Belfast Telegraph

DUP 'unaware' of Sinn Fein deal progressing legacy funding if no agreement in talks reached: Arlene Foster

Sinn Fein claims DUP 'aware' of deal with British Government on legacy funding

Arlene Foster
Arlene Foster
The DUP's Sir Jeffrey Donaldson said he was unaware of the deal.
Jonathan Bell

By Jonathan Bell

DUP leader Arlene Foster has said her party was not aware of a deal on inquest funding going ahead if there wasn't agreement between them and Sinn Fein on getting the Stormont institutions back up and running.

It comes after Sinn Fein claimed a deal was done on securing legacy funding with the British Government and of which the DUP leadership was aware.

In a statement, Arlene Foster said: "No one in the DUP was aware of inquest funding being progressed in the absence of an overall agreement or a decision to advance all elements of the Stormont House Agreement.

"It would be astonishing if the Government granted funding for legacy inquests in the absence of an overall agreement to progress all elements of the Stormont House Agreement.

"It is a matter of public record that Sinn Fein has been talking to the Government about progressing legacy inquest funding.  I was aware of this during the Talks. We were also talking to the Government about matters of importance to us.

"I will be raising this matter with the Secretary of State.”

On Thursday evening's BBC The View programme Sinn Fein's Gerry Kelly said funding for inquests for Troubles killings was agreed with UK government officials.
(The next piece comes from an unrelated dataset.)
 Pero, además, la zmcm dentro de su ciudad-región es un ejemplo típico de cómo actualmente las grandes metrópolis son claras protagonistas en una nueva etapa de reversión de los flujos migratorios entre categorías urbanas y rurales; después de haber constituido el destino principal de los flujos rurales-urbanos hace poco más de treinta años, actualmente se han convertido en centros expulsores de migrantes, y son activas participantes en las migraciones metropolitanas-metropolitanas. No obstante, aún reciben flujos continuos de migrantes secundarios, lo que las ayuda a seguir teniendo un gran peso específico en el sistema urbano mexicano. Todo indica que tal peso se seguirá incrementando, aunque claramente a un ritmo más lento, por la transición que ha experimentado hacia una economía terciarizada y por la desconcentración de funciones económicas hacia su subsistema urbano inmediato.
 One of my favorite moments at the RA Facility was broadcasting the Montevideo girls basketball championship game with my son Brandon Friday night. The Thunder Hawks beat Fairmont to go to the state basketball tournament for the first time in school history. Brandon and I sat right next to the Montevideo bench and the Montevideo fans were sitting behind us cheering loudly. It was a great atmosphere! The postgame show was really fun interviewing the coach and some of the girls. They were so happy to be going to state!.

The Government, however, has said talks with the parties were based on them reaching an agreement.

Mr Kelly also claimed the deal would have omitted any statute of limitations to curb security force prosecutions.
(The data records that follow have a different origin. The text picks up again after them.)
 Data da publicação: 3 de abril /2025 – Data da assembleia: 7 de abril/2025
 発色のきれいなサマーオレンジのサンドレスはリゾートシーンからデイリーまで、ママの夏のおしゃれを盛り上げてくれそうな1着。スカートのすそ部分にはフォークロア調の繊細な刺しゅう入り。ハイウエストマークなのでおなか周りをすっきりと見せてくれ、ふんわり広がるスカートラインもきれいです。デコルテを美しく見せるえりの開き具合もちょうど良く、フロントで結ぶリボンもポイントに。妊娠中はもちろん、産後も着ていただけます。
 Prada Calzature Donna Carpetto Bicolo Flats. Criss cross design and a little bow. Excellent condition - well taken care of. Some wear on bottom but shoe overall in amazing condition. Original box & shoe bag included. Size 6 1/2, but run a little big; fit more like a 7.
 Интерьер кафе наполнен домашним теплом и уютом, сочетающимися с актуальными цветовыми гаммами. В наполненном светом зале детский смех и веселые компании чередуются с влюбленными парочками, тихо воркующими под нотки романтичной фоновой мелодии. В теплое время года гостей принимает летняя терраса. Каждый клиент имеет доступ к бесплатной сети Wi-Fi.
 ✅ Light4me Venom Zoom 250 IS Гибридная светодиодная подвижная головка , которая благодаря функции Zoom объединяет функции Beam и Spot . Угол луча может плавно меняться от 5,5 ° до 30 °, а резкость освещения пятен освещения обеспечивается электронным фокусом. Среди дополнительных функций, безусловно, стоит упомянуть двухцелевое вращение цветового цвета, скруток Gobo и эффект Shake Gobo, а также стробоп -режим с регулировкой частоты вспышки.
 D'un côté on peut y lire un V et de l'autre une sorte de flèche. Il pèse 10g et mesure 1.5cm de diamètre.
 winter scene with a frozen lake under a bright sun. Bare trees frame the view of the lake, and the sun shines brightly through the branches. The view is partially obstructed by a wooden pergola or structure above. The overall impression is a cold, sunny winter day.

The policing and justice spokesman said he had proof of his party's agreement with the government to release inquest funding and wanted to see it implemented.

The DUP's Sir Jeffrey Donaldson said he was unaware of the deal.
The DUP's Sir Jeffrey Donaldson said he was unaware of the deal.

"There are victims and survivors waiting, some of them over 45-46 years, give them some respite," he said.

Senior judges have called on funding to be provided in order to allow them to complete the proceedings.

During the programme, however, the DUP's justice spokesman Sir Jeffrey Donaldson said he was "unaware" of the deal.

On Friday morning, Sinn Fein's Declan Kearney insisted the DUP leadership knew of the talks on the matter.

He said: "The DUP leader Arlene Foster and the negotiation team did know that this agreement had been made with the British Government.

"The Irish government were cited upon the agreement between Sinn Fein and the British Government that the legacy funding should be released."

A UK Government spokesperson added: "All discussions with parties were in the context of how the UK Government would respond in the event of an agreement.

"Regrettably there was no agreement. This Government has set out clear commitments to take forward the Stormont House Agreement legacy institutions, and to support inquest reform.

"As Secretary of State made clear on Tuesday, she will be consulting on how to implement Stormont House legacy institutions as soon as possible. The Government announced, in 2014, £150 million to support legacy reform in Northern Ireland."